O presidente dos Estados Unidos, Donald Trump, anunciou nesta segunda-feira, 16 de março de 2026, que solicitou o adiamento de uma importante viagem diplomática à China, originalmente agendada para o início de abril. O motivo central para a decisão, conforme explicado pelo próprio mandatário, é o conflito em curso com o Irã, que exige sua presença em solo norte-americano como comandante em chefe das forças armadas.
Detalhes do cancelamento e nova previsão
A visita estava planejada para ocorrer entre os dias 31 de março e 2 de abril, incluindo um encontro de alto nível com o presidente chinês, Xi Jinping. Em declarações à imprensa na Casa Branca, Trump afirmou que, diante das circunstâncias bélicas, sente a necessidade imperiosa de permanecer nos Estados Unidos para supervisionar as operações militares. Ele sugeriu que a viagem poderá ser remarcada para "daqui a um mês ou mais", dependendo da evolução da situação no Oriente Médio.
Posicionamento oficial da Casa Branca
Mais cedo, a porta-voz da Casa Branca, Karoline Leavitt, já havia sinalizado que os planos poderiam sofrer alterações. Ela reiterou que o presidente continua disposto a visitar a China no futuro, mas enfatizou que sua principal prioridade no momento é assegurar o sucesso contínuo da operação militar denominada "Fúria Épica". A declaração oficial reforça o compromisso de Trump com a gestão da crise internacional, colocando-a acima de agendas diplomáticas pré-estabelecidas.
Contexto geopolítico e pressão sobre a China
No domingo, 15 de março, em entrevista concedida ao jornal Financial Times, Trump já havia insinuado a possibilidade de adiar a viagem. Durante a conversa, ele pressionou abertamente o governo chinês a auxiliar na reabertura do tráfego de petroleiros no Estreito de Ormuz, uma rota marítima estratégica vital para o comércio global de petróleo. O presidente norte-americano argumentou que a China tem um interesse direto na questão, uma vez que aproximadamente 90% do petróleo que consome passa por aquela via.
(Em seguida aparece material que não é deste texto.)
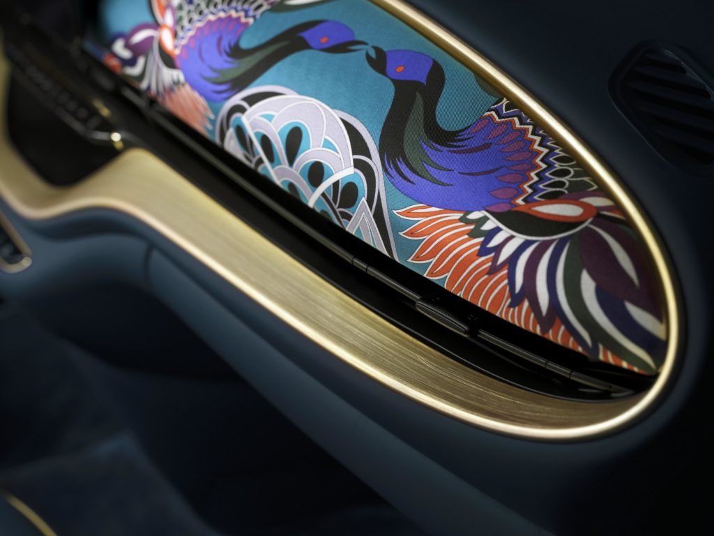 اول ما يجب ذكره عن هذه السيارة هو لونها. فمجرد النظر اليها ستظنين انك تشاهدين قطعة فاخرة من مجوهرات بولغاري، فهذا اللون الامبريالي هو احد اشهر اوجه ماركة بولغاري، ونجده في العديد من اكسسوارتها الفاخرة التي اشتهرت بها. وقد دمج طلاء السيارة بغبار فريد من الذهب الحقيقي، ما يجعلها تلمع في اشعة الشمس تماما كالمجوهرات.

"Acho que a China também deveria ajudar, porque 90% do petróleo que consome vem do estreito", afirmou Trump ao periódico. Ele acrescentou que preferiria conhecer a posição oficial de Pequim sobre o tema antes de prosseguir com a visita diplomática, indicando que o apoio chinês é uma condição importante para o avanço das relações bilaterais neste momento crítico.
Esforços diplomáticos e respostas internacionais
Segundo revelações do próprio Trump, o governo dos Estados Unidos já conversou com cerca de sete países diferentes sobre a possibilidade de fornecer apoio militar para proteger navios na região do Estreito de Ormuz. No entanto, até o momento, nenhuma nação confirmou formalmente sua participação em tal iniciativa, o que demonstra a complexidade e as resistências envolvidas na formação de uma coalizão internacional.
Por sua vez, autoridades chinesas emitiram um comunicado reconhecendo que o Estreito de Ormuz é uma rota essencial para o comércio internacional e que manter a estabilidade na área é do interesse de toda a comunidade global. A China também afirmou que pretende continuar dialogando com todos os países envolvidos no conflito e atuar de maneira construtiva para reduzir as tensões, sem, contudo, comprometer-se com medidas militares específicas solicitadas por Washington.
Implicações e próximos passos
O adiamento da viagem de Trump à China reflete a gravidade da situação no Oriente Médio e a priorização da segurança nacional sobre a diplomacia. A guerra com o Irã não apenas alterou a agenda presidencial, mas também expôs as fragilidades na cooperação internacional para resolver crises que afetam rotas comerciais cruciais. Enquanto os Estados Unidos buscam aliados para sua operação "Fúria Épica", a China mantém uma postura cautelosa, focada no diálogo e na estabilidade, o que pode prolongar as negociações e adiar ainda mais a tão aguardada visita de Trump a Pequim.